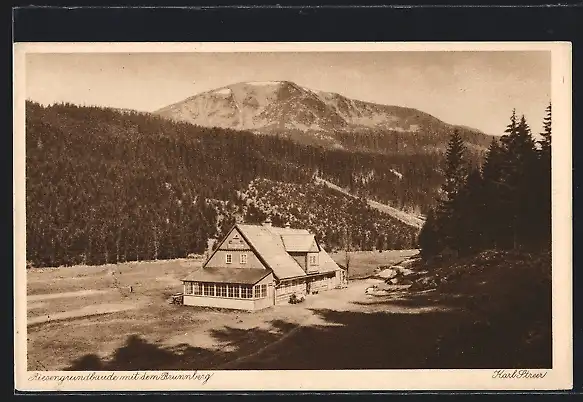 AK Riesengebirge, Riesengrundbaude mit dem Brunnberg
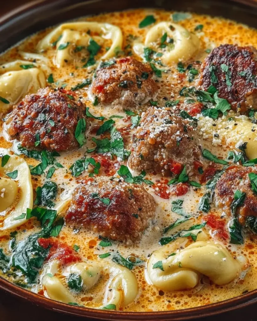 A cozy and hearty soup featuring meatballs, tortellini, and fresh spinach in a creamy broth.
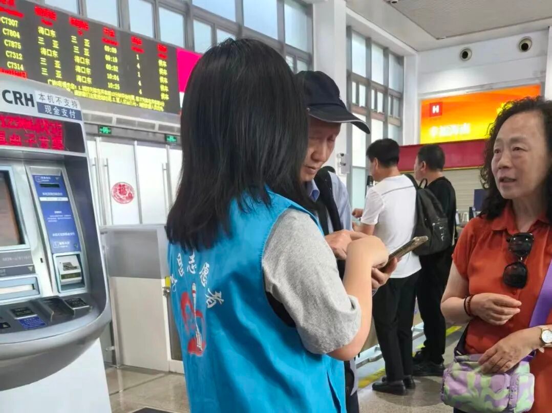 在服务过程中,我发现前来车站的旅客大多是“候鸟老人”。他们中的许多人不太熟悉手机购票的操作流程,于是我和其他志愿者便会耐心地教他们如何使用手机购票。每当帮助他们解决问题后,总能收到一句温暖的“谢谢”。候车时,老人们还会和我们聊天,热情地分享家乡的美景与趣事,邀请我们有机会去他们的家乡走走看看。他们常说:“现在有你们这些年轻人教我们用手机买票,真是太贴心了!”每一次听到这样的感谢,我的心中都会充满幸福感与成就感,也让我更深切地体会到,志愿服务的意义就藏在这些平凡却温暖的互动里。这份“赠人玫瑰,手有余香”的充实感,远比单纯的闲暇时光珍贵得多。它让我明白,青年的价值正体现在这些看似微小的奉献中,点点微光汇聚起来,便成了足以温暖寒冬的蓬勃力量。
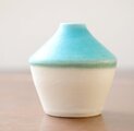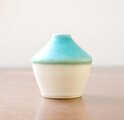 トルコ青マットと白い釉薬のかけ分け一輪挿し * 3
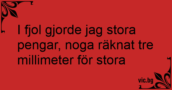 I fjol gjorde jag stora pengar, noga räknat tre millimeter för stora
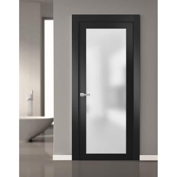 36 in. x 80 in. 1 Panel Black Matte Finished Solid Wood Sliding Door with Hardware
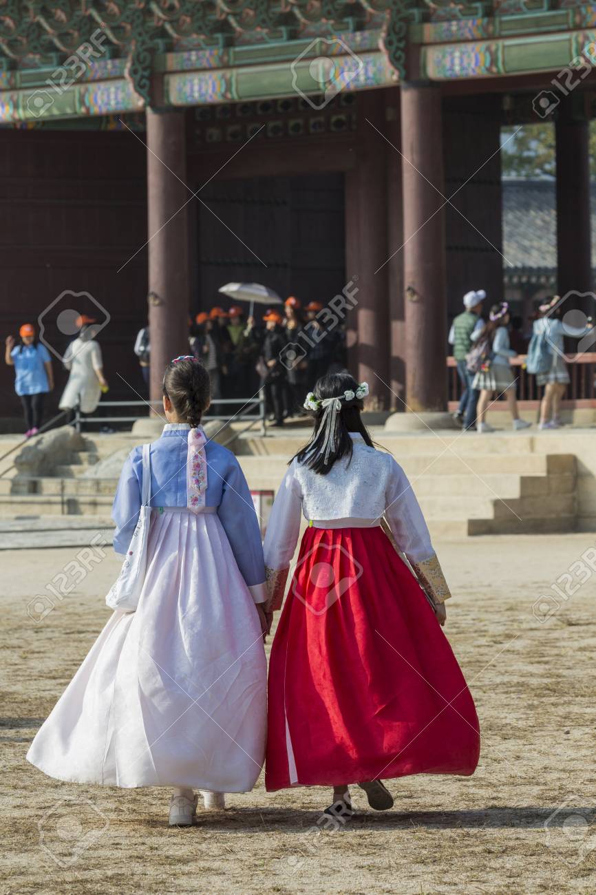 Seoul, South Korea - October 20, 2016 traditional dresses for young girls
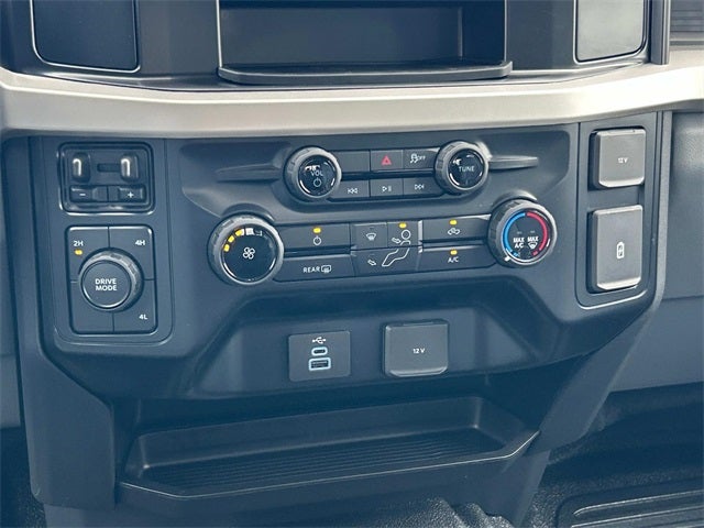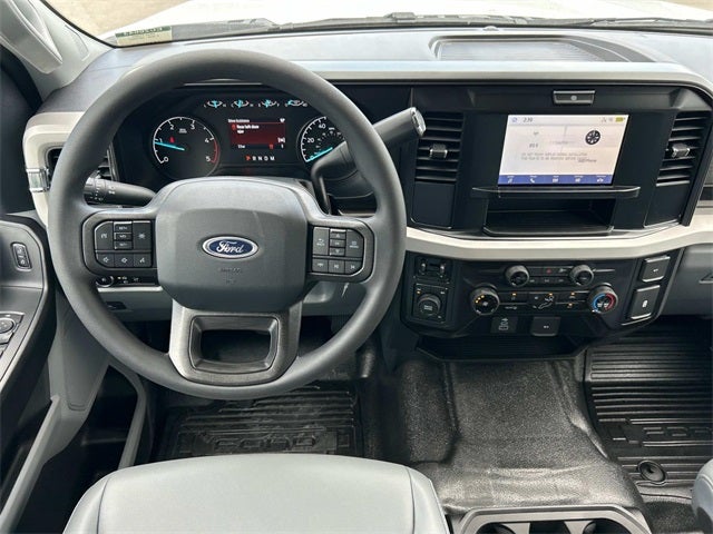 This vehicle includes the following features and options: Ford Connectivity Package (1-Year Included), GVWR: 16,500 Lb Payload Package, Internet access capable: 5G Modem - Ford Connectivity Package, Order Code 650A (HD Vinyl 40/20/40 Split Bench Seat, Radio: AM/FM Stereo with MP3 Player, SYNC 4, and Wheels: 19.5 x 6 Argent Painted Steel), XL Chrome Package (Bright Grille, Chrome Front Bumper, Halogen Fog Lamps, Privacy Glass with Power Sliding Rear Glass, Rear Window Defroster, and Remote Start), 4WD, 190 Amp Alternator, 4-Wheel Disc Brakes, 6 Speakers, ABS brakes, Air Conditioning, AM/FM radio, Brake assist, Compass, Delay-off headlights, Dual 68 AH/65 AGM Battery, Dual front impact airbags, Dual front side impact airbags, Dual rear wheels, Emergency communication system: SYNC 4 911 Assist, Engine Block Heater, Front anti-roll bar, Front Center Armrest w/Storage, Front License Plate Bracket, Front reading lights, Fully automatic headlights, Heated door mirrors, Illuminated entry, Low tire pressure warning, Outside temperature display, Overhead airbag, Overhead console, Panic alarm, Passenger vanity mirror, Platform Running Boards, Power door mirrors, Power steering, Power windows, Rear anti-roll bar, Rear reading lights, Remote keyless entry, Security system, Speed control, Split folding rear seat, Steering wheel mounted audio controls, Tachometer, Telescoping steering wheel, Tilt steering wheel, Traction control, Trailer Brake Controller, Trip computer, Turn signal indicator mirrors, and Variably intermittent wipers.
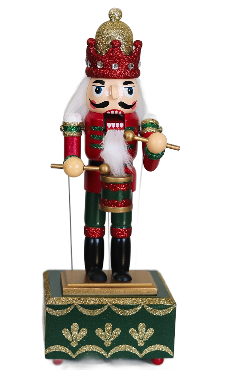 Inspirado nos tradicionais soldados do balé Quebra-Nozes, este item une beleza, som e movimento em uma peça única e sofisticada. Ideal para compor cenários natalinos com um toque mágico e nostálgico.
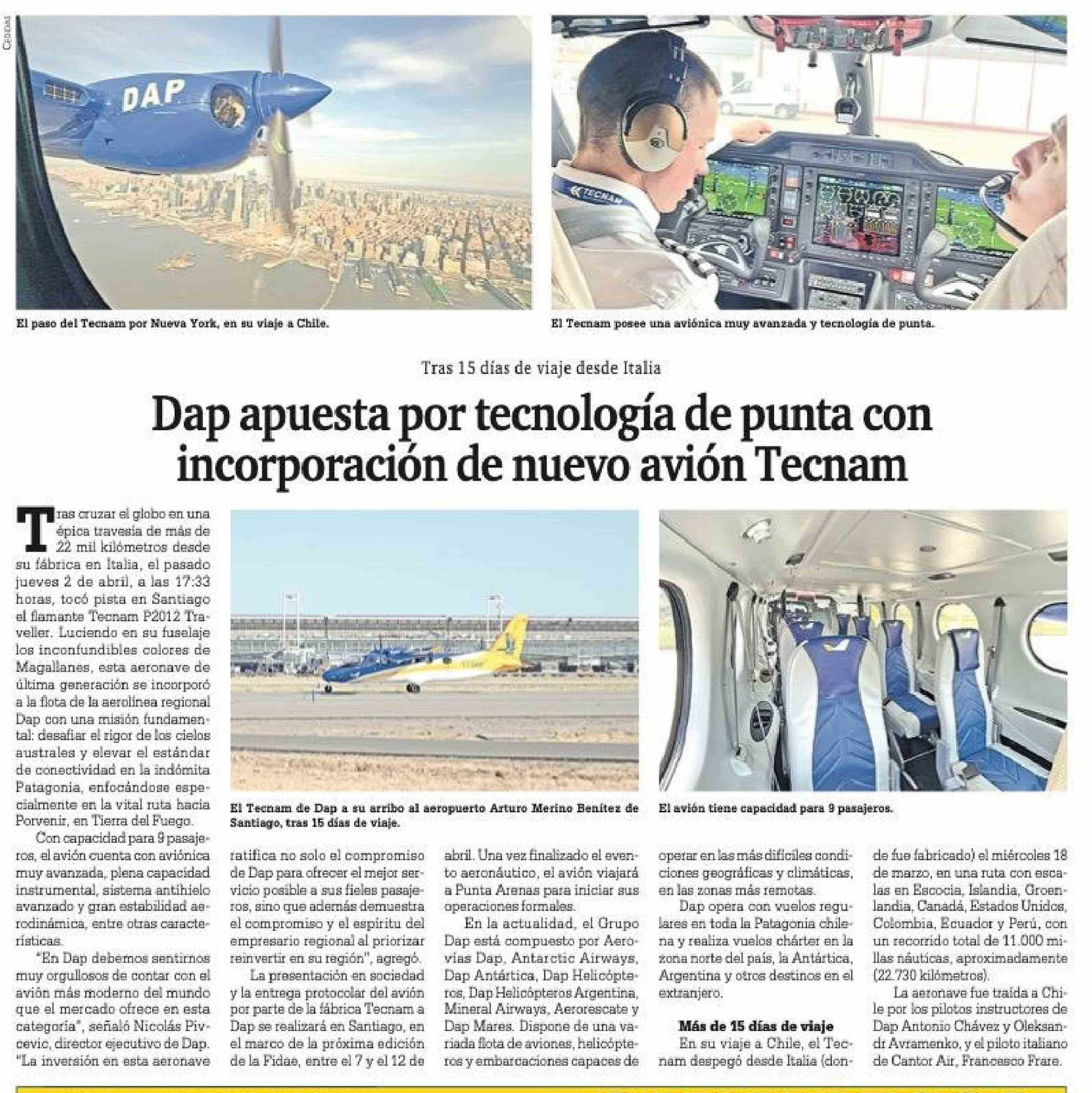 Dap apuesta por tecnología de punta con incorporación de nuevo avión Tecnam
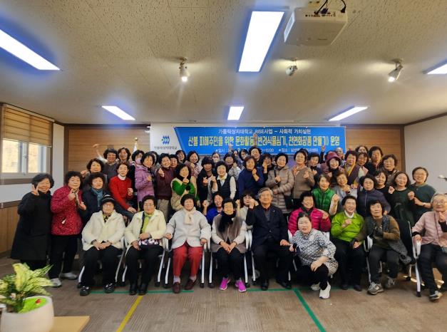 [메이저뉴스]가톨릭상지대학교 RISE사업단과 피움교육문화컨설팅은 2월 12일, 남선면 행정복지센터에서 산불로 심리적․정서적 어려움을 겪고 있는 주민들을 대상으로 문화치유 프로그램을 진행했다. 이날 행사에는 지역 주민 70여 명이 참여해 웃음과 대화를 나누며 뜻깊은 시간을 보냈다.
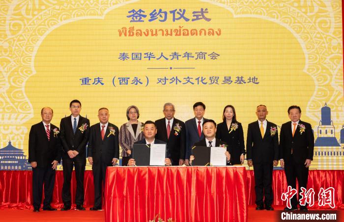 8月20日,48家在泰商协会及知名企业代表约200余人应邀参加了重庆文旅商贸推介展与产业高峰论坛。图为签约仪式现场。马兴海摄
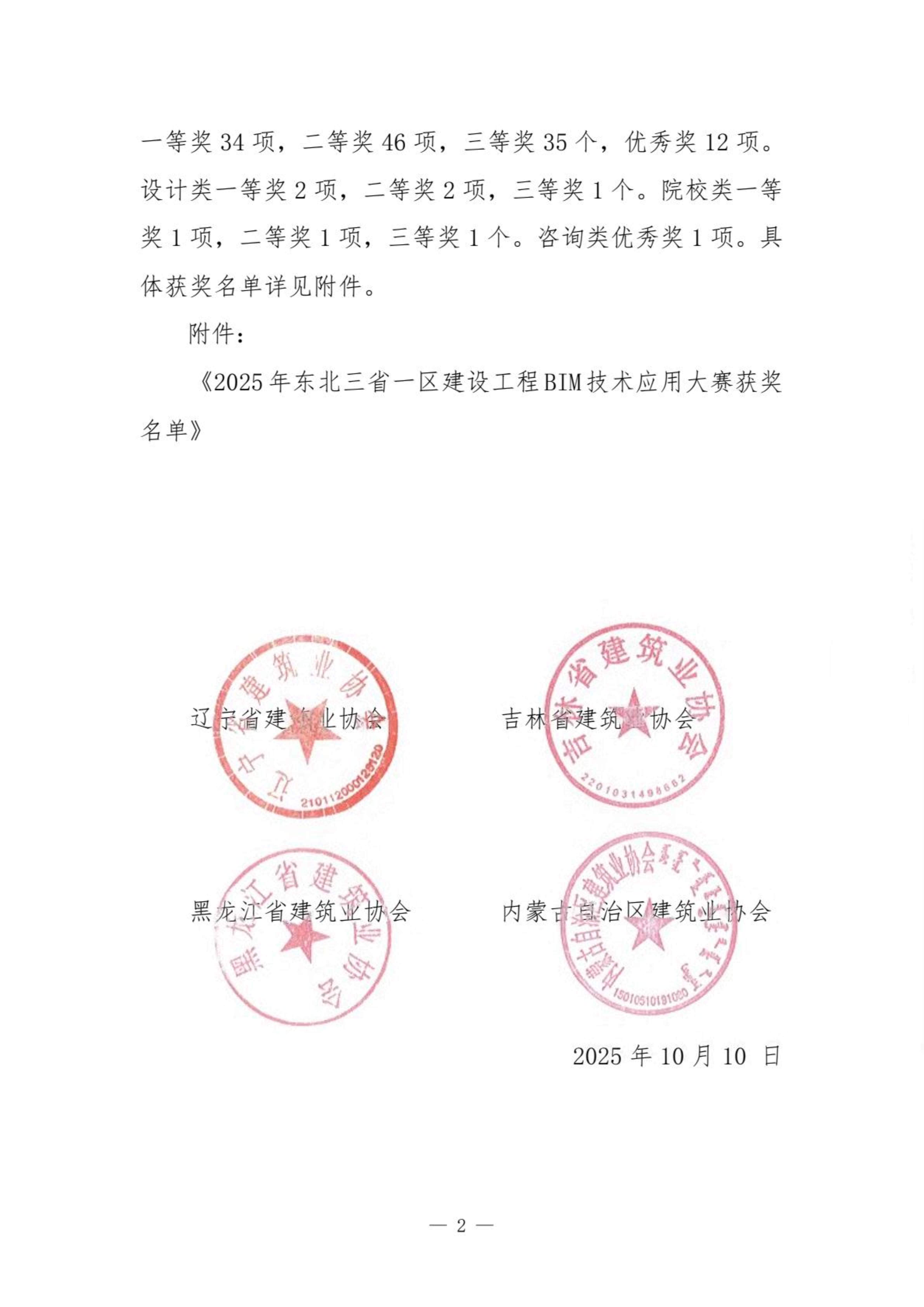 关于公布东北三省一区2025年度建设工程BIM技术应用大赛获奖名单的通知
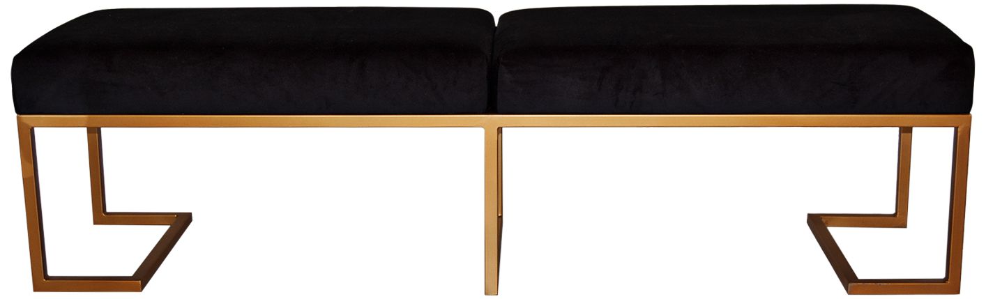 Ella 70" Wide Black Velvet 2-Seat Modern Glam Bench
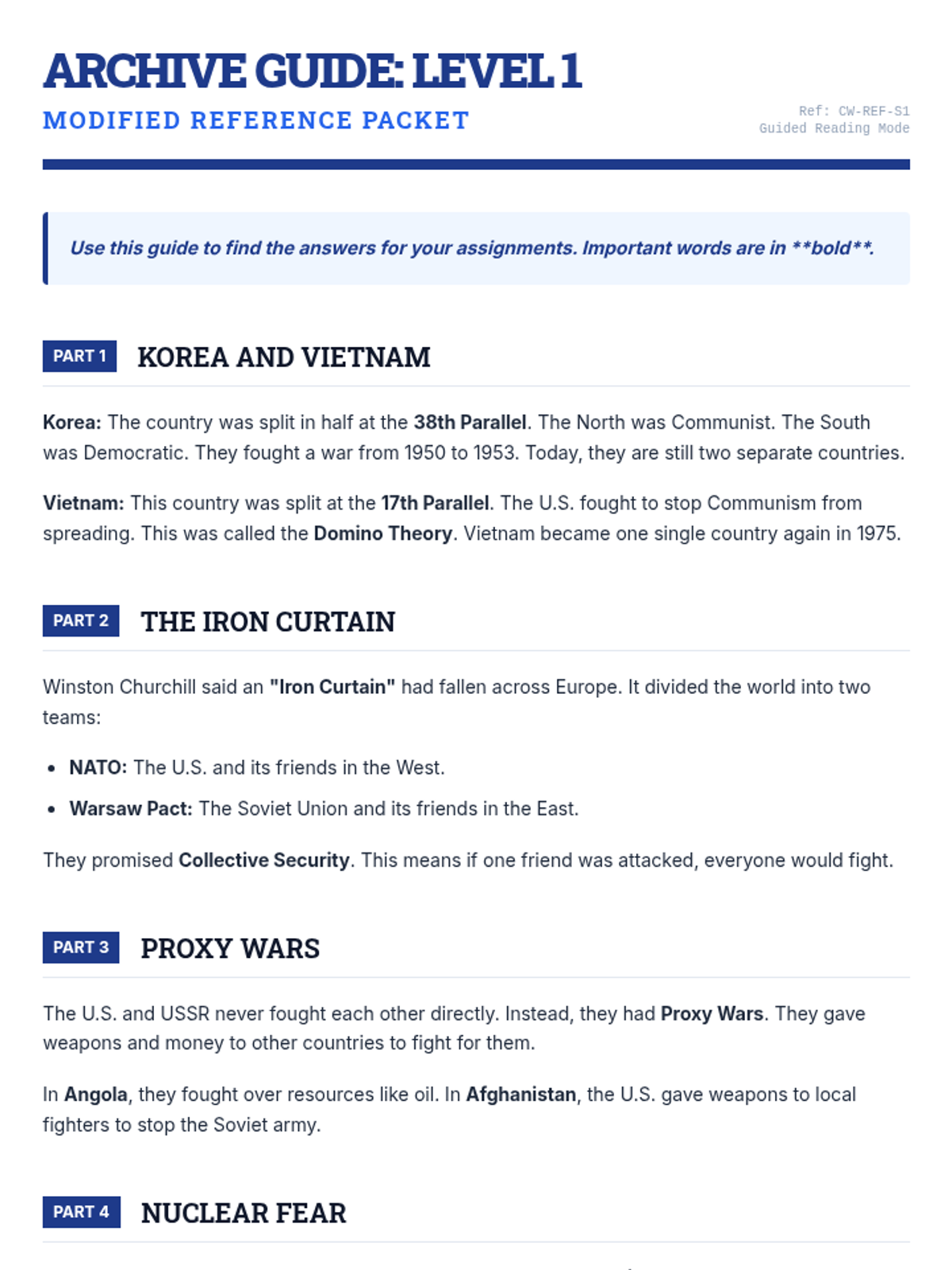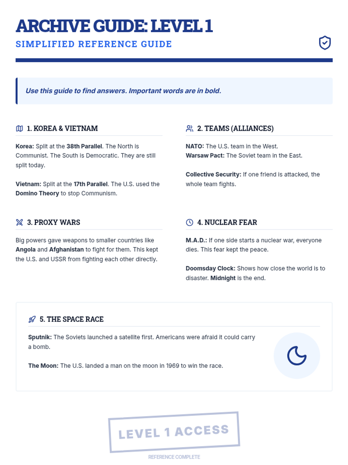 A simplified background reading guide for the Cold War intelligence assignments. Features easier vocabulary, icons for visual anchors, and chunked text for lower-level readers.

######

WHAT NEEDS TO BE DONE –
When you give the entries again, keep them exact and omit any picture they contain.

SOLVED EXERCISE –
 AK Riesengebirge, Riesengrundbaude mit dem Brunnberg
 A cozy and hearty soup featuring meatballs, tortellini, and fresh spinach in a creamy broth.
 在服务过程中,我发现前来车站的旅客大多是“候鸟老人”。他们中的许多人不太熟悉手机购票的操作流程,于是我和其他志愿者便会耐心地教他们如何使用手机购票。每当帮助他们解决问题后,总能收到一句温暖的“谢谢”。候车时,老人们还会和我们聊天,热情地分享家乡的美景与趣事,邀请我们有机会去他们的家乡走走看看。他们常说:“现在有你们这些年轻人教我们用手机买票,真是太贴心了!”每一次听到这样的感谢,我的心中都会充满幸福感与成就感,也让我更深切地体会到,志愿服务的意义就藏在这些平凡却温暖的互动里。这份“赠人玫瑰,手有余香”的充实感,远比单纯的闲暇时光珍贵得多。它让我明白,青年的价值正体现在这些看似微小的奉献中,点点微光汇聚起来,便成了足以温暖寒冬的蓬勃力量。
 トルコ青マットと白い釉薬のかけ分け一輪挿し * 3
 I fjol gjorde jag stora pengar, noga räknat tre millimeter för stora
 36 in. x 80 in. 1 Panel Black Matte Finished Solid Wood Sliding Door with Hardware
 Seoul, South Korea - October 20, 2016 traditional dresses for young girls
 This vehicle includes the following features and options: Ford Connectivity Package (1-Year Included), GVWR: 16,500 Lb Payload Package, Internet access capable: 5G Modem - Ford Connectivity Package, Order Code 650A (HD Vinyl 40/20/40 Split Bench Seat, Radio: AM/FM Stereo with MP3 Player, SYNC 4, and Wheels: 19.5 x 6 Argent Painted Steel), XL Chrome Package (Bright Grille, Chrome Front Bumper, Halogen Fog Lamps, Privacy Glass with Power Sliding Rear Glass, Rear Window Defroster, and Remote Start), 4WD, 190 Amp Alternator, 4-Wheel Disc Brakes, 6 Speakers, ABS brakes, Air Conditioning, AM/FM radio, Brake assist, Compass, Delay-off headlights, Dual 68 AH/65 AGM Battery, Dual front impact airbags, Dual front side impact airbags, Dual rear wheels, Emergency communication system: SYNC 4 911 Assist, Engine Block Heater, Front anti-roll bar, Front Center Armrest w/Storage, Front License Plate Bracket, Front reading lights, Fully automatic headlights, Heated door mirrors, Illuminated entry, Low tire pressure warning, Outside temperature display, Overhead airbag, Overhead console, Panic alarm, Passenger vanity mirror, Platform Running Boards, Power door mirrors, Power steering, Power windows, Rear anti-roll bar, Rear reading lights, Remote keyless entry, Security system, Speed control, Split folding rear seat, Steering wheel mounted audio controls, Tachometer, Telescoping steering wheel, Tilt steering wheel, Traction control, Trailer Brake Controller, Trip computer, Turn signal indicator mirrors, and Variably intermittent wipers.
 Inspirado nos tradicionais soldados do balé Quebra-Nozes, este item une beleza, som e movimento em uma peça única e sofisticada. Ideal para compor cenários natalinos com um toque mágico e nostálgico.
 Dap apuesta por tecnología de punta con incorporación de nuevo avión Tecnam
 [메이저뉴스]가톨릭상지대학교 RISE사업단과 피움교육문화컨설팅은 2월 12일, 남선면 행정복지센터에서 산불로 심리적․정서적 어려움을 겪고 있는 주민들을 대상으로 문화치유 프로그램을 진행했다. 이날 행사에는 지역 주민 70여 명이 참여해 웃음과 대화를 나누며 뜻깊은 시간을 보냈다.
 8月20日,48家在泰商协会及知名企业代表约200余人应邀参加了重庆文旅商贸推介展与产业高峰论坛。图为签约仪式现场。马兴海摄
 关于公布东北三省一区2025年度建设工程BIM技术应用大赛获奖名单的通知
 Ella 70" Wide Black Velvet 2-Seat Modern Glam Bench
 A simplified background reading guide for the Cold War intelligence assignments. Features easier vocabulary, icons for visual anchors, and chunked text for lower-level readers.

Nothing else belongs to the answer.